Inés Donoso, camina por Malasaña pensando en música. Ella vive y respira por la música. A veces una mujer, que parece normal, se convierte en una supermujer al ponerse enfrente de su batería. Aquí un paso por su vida y su música, un paseo que enseña el sacrificio de vivir por y para la música.

La música siempre forma parte de las personas. La música da tanto recuerdos como alientos, ¿cómo empezó tu pasión por la música?

Mi primer recuerdo es con tres años, por aquel entonces mi padre tocaba lo que para mí era un gigante de metal del que salían sonidos (con el tiempo aprendí que aquello era una tuba) y yo me quedaba embobada.

Mi hermana, varios años mayor, ya había empezado a estudiar música y mi casa iba poco a poco llenándose de instrumentos cada vez eran más apasionantes. Para mí fue algo natural, como ir al colegio, año tras año, matrícula tras matrícula.

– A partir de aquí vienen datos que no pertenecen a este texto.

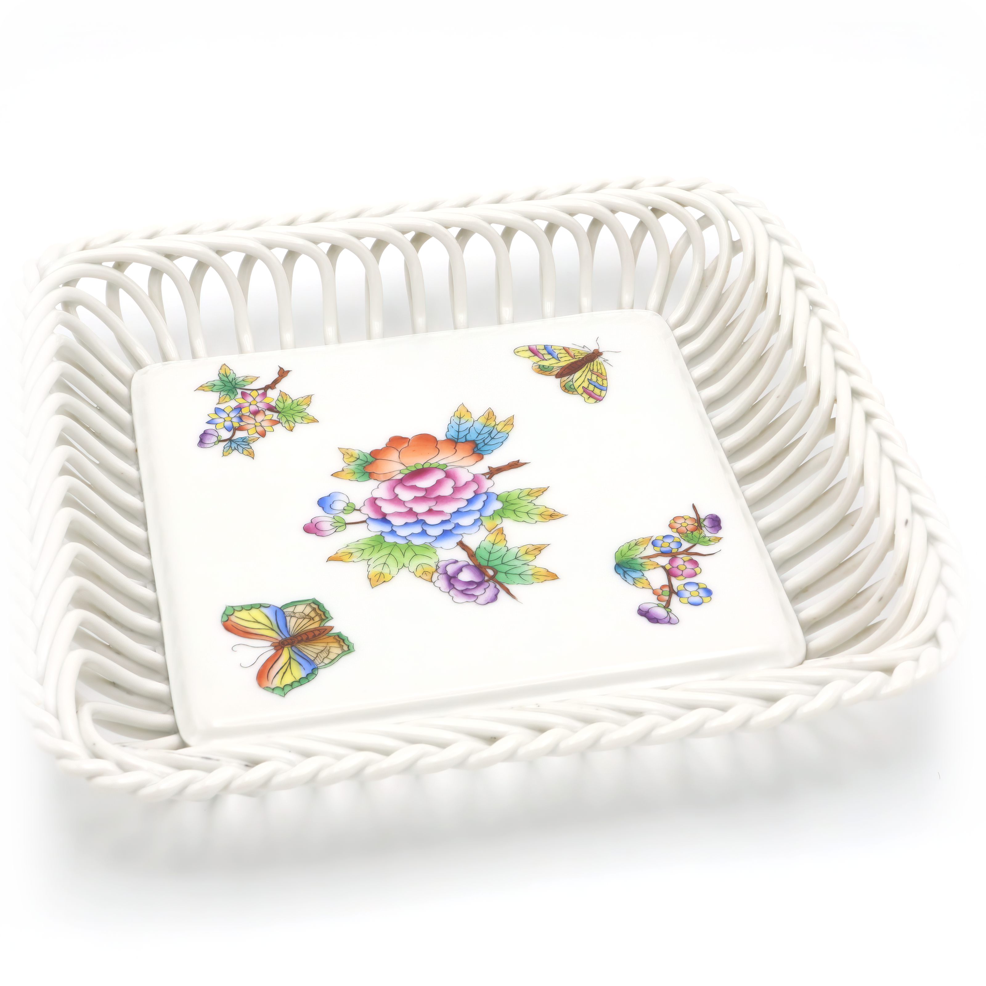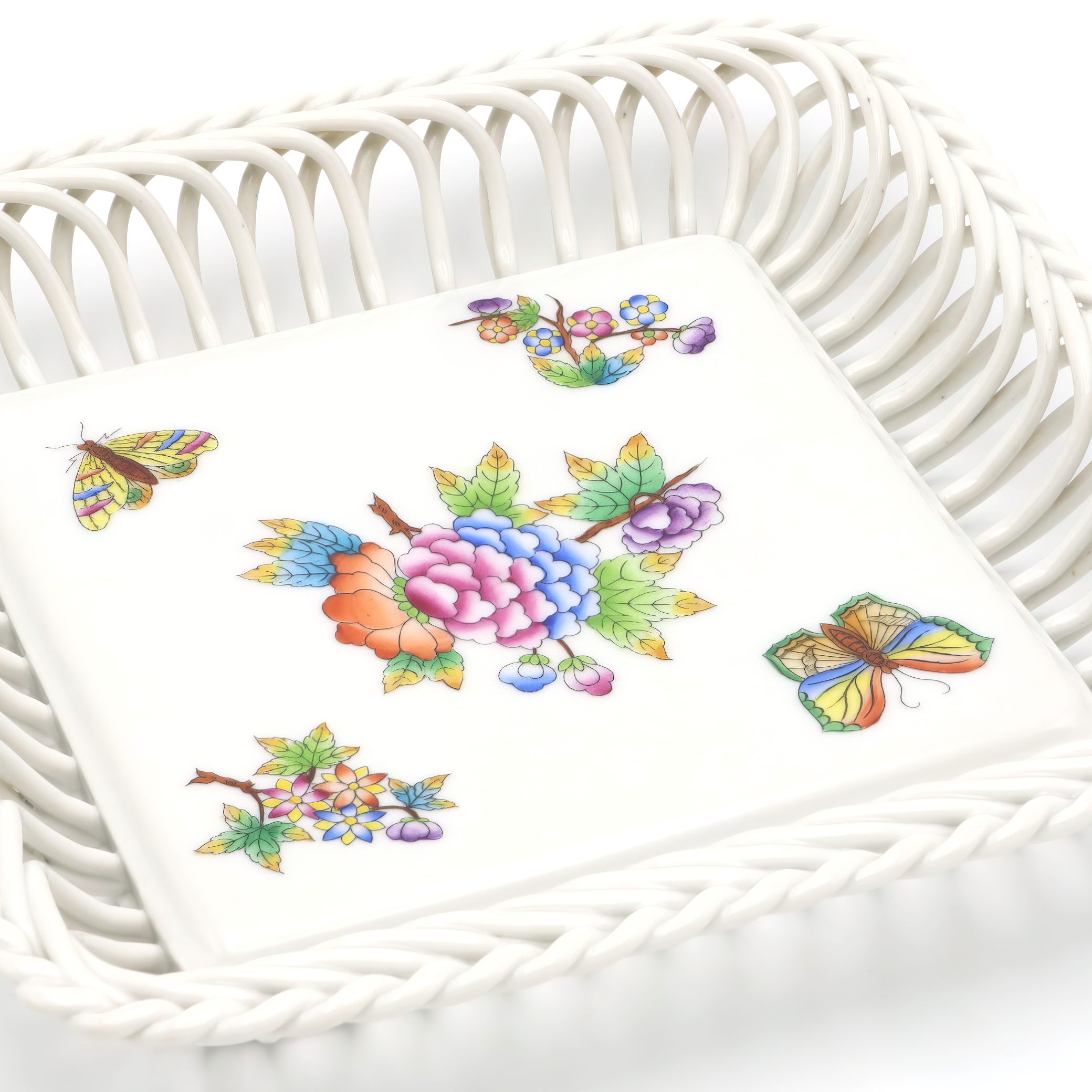 This beautiful piece is a Herend Queen Victoria open weave basket, crafted around 1960. Measuring just about 1.5 inches in height and 7.5 inches in…
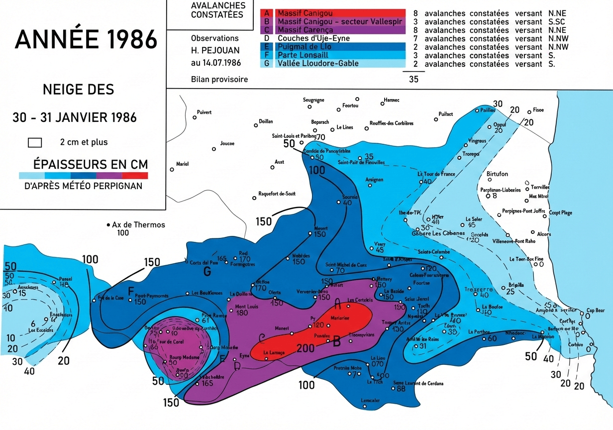 On a observé à Filliols 1,50 à 1,70 m de neige fraîche, 2 m à Mantet (à 1 500 m cependant) Au Puigmal, l’enneigement a été normal, sans plus. Neige abondante à Porte Puymorens, Andorre, mais là rien d’exceptionnel quant à la hauteur totale. Intensité de la chute de neige : 10 cm/heure à Py le 30 janvier à 18 h.

Decidir ser músico siempre es algo difícil por lo duro que es, el poco respeto y lo que cuesta vivir. ¿A qué edad lo tuviste claro? 

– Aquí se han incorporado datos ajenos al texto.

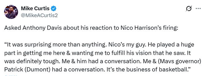 “最主要的感受是意外,”谈到总经理尼科-哈里森被炒时,浓眉说,“尼科是我很认可的人。显然,他在促成我加盟球队这件事上发挥了关键作用,也一直希望我能实现他所预见的愿景。这无疑是个艰难的结果……这就是篮球行业的常态。在与哈里森和杜蒙特分别沟通后,我得以专注于后续的康复训练,期待重返赛场、全力竞争。”
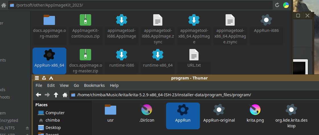 Так как разработчики Krita используют кривой файл AppRun с давних времён, непригодный для использования в распакованном виде, я беру оригинальный файл из AppImageKit, с ним программа отлично работает, да, вот такие нюансы иногда приходится учитывать при перепаковке софта из линуксоидных форматов.
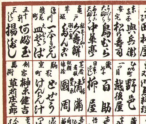 ちなみに横綱は東が鰻の神田川(神田)、西が同じく鰻を扱う竹葉亭(銀座)。張り出し横綱は天ぷらの中清(浅草)になっています。どれも今も老舗として続いている店舗ですね。
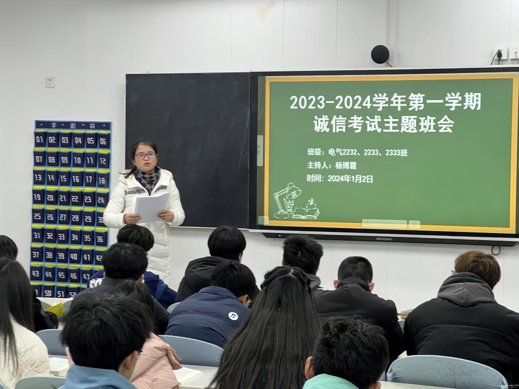 为全面落实和加强学院考风考纪,引导学生诚信考试,1月2日至3日,电信学院2022、2023级共31个班级召开“深化诚信教育,严肃考风考纪”主题教育班会。全体辅导员、班主任深入班级,引导学生以踏实端正、扎实认真的态度做好考前复习,严肃考风考纪,以充分的准备迎接考试。
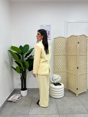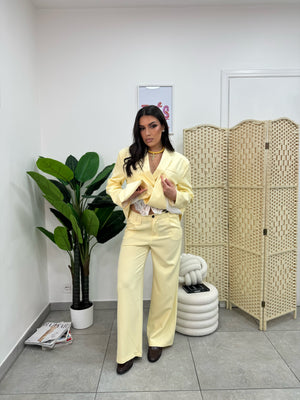 Pantalone palazzo con elastico in vita, passanti, tasche e taschino finto anteriore cucito.
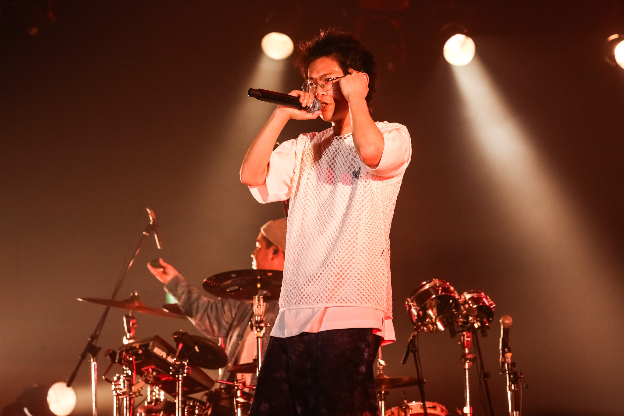 これぞエモーショナルというサウンドに惹き込まれる中、日向秀和(Ba)がサングラスを取って舞台の床へと投げる。ただこちらは夢中に観ているだけだし、何気ない一挙手一投足だが、より惹き込まれるしかない。
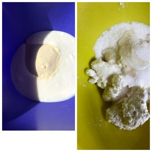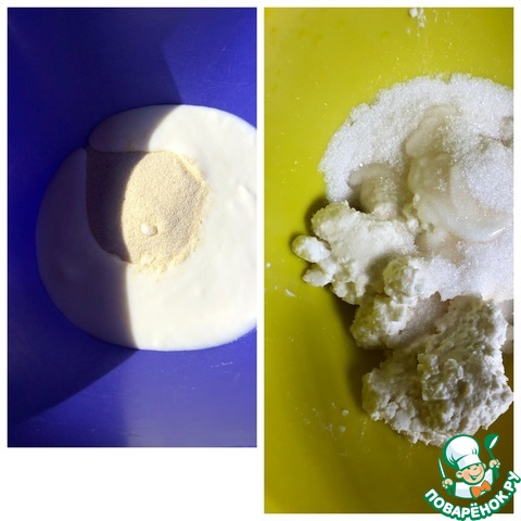 В манку влить кефир, перемешать и оставить набухать минут на 20-30. Творог перетереть с сахаром, маслом и ванилином.

Empecé a estudiar con seis años, y más que una decisión, ha sido un modo de vida. Tuve una crisis a los diecisiete cuando estaba terminando Bachillerato y las Enseñanzas Profesionales de Piano y Percusión, porque como era la que hacía cada año sin plantearme, no tenía claro si era vocación o tradición.

Decidí que nada me llenaba más que la música y no me equivoqué, por lo que la firme decisión de convertirme en músico profesional llegó con la mayoría de edad y es probable que lo haya celebrado con mi primera cerveza legal.

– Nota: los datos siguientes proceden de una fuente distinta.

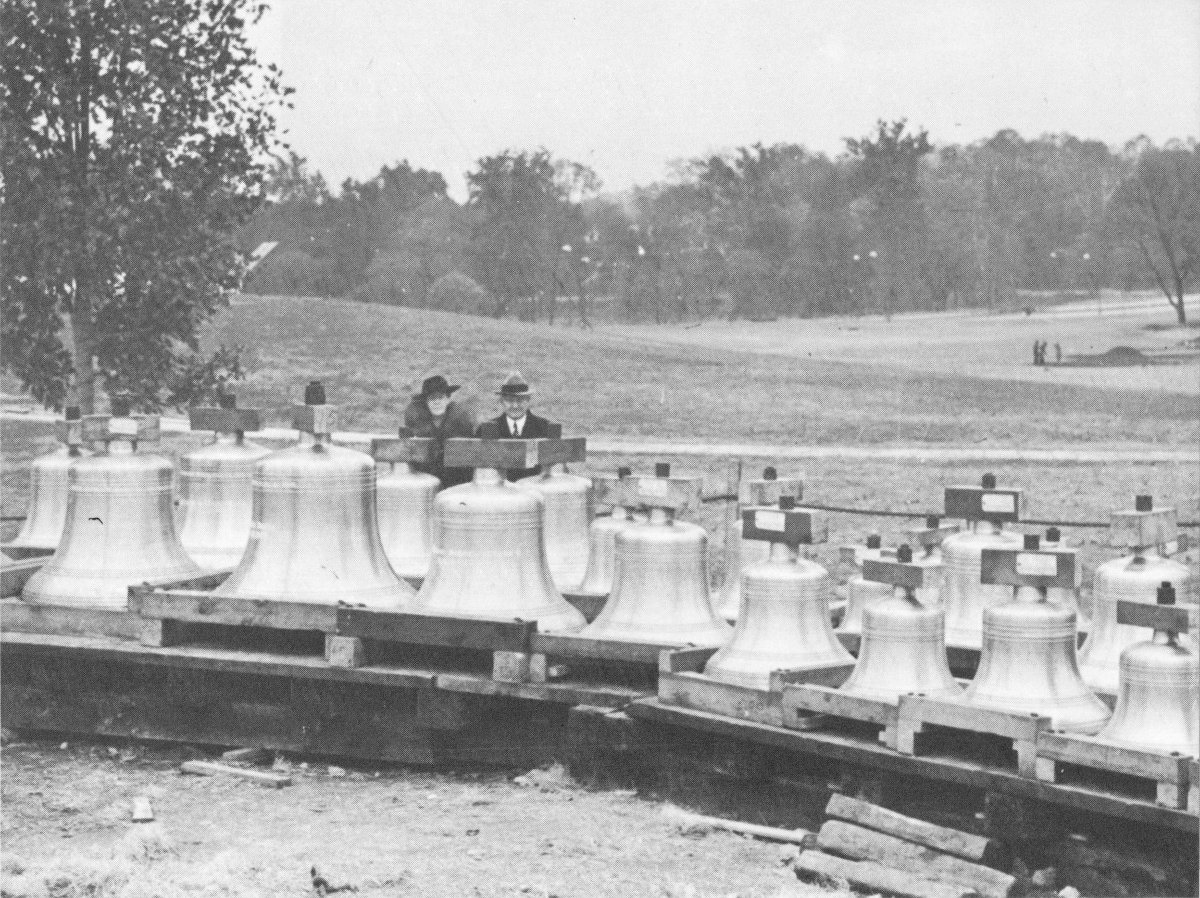 The impressive array of the 32 bells in the Carillon arranged at its base just previous to being placed in position.
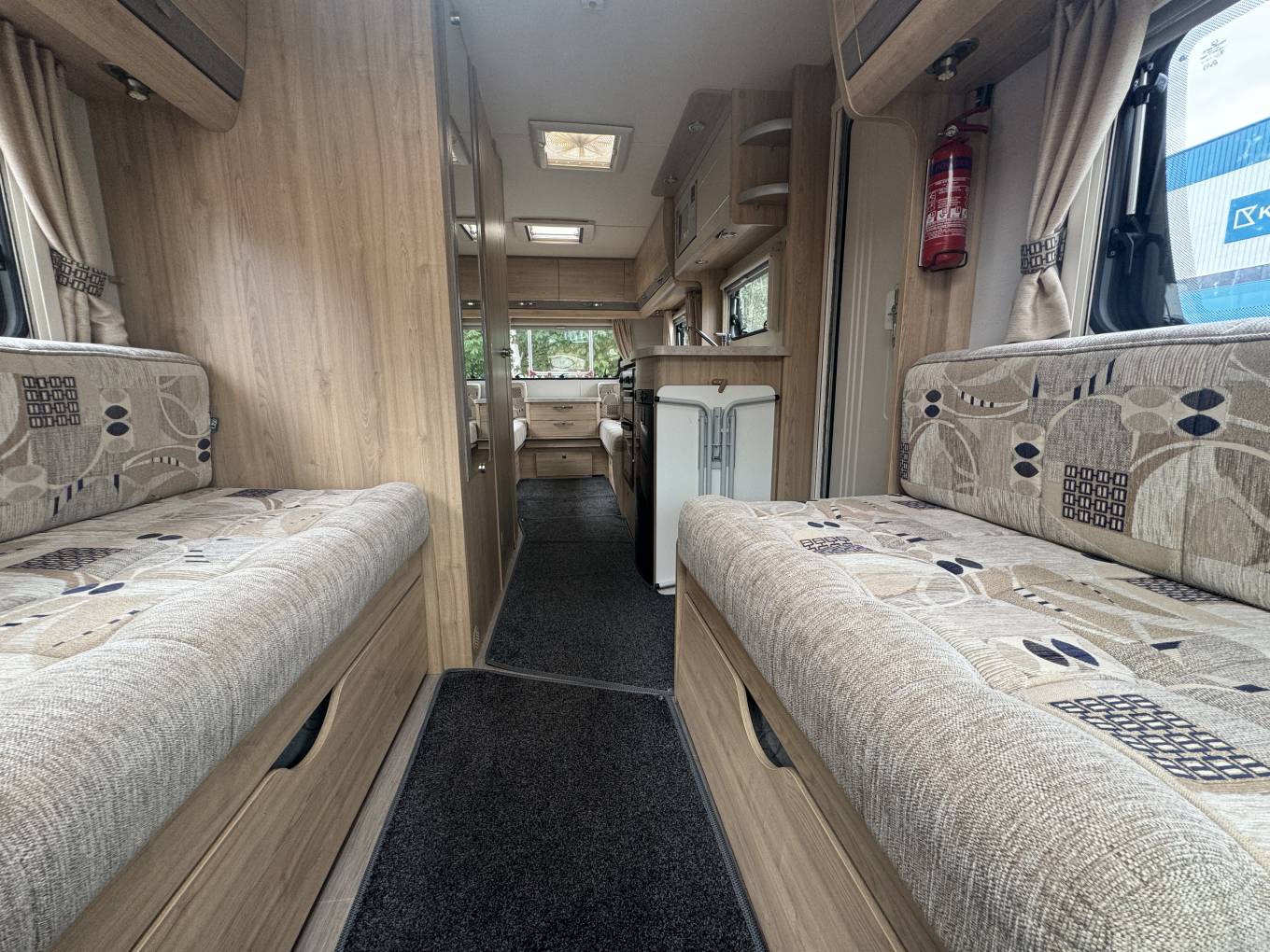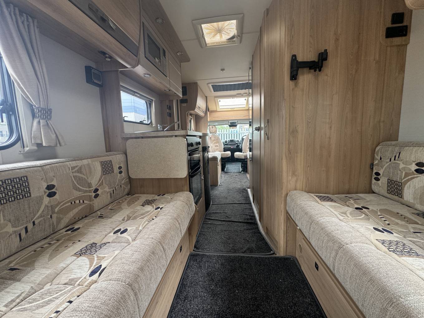 The Elddis Majestic 195 is built on the ever popular Peugeot Boxer chassis and this motorhome has a 150 bhp 2.2L engine with a 6 speed gear box, giving you all the power you need. The motorhome comes with cab air conditioning keeping you cool on your way to your destination, rear view camera and cab blinds. There is a solar panel fitted and TV brackets mounted to the walls.
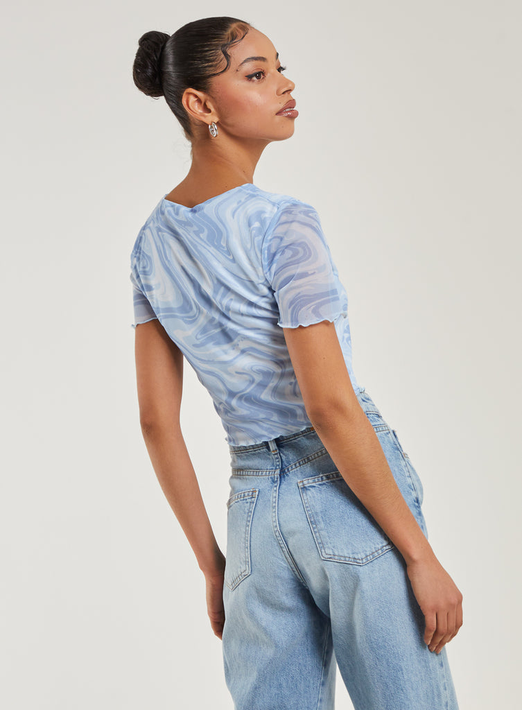 Get summer ready with this Swirl Print Capped Sleeve Mesh Top. Add this to any 'fit for an instant, effortless outfit that is sure to make you standout.

¿Por qué elegiste la batería frente a otro instrumento? ¿Qué estudios tienes?

En realidad escogí la Percusión. Según mi madre, tocaba la vajilla completa con dos años. Siempre estaba dando palos y, en los Reyes de mis tres años, pedí una batería, y me la trajeron. ¡Me la cargué en nada!

Cuando tenía catorce años, se incluyó la especialidad de Percusión en mi conservatorio y me preparé el acceso a Grado Medio. Esa fue la gran elección. Una vez acabados los dos profesionales, decidí tirar por las baquetas para hacer el Superior en Madrid. ¡Y en esta ciudad me quedé!

La batería vino después. Cuando estaba cursando la carrera quise ampliar miras hacia la música moderna y no sólo centrarme en el clásico. Le di una oportunidad y me ha atrapado de tal forma que me tiene casi absorta.

Háblanos un poco de ti. ¿Cómo logras compaginar tu trabajo y tu grupo? ¿Puedes decir que vives actualmente de la música?

Vivo de dar clases de música y de tocar clásico y moderno. Compaginar mi trabajo y mi grupo es fácil, porque puedo permitirme el lujo de separar mi doble vida: de lunes a jueves soy profesora, y de viernes a domingo, músico.

foto perfil¿Qué estilo te gusta más musicalmente y cuáles tus influencias?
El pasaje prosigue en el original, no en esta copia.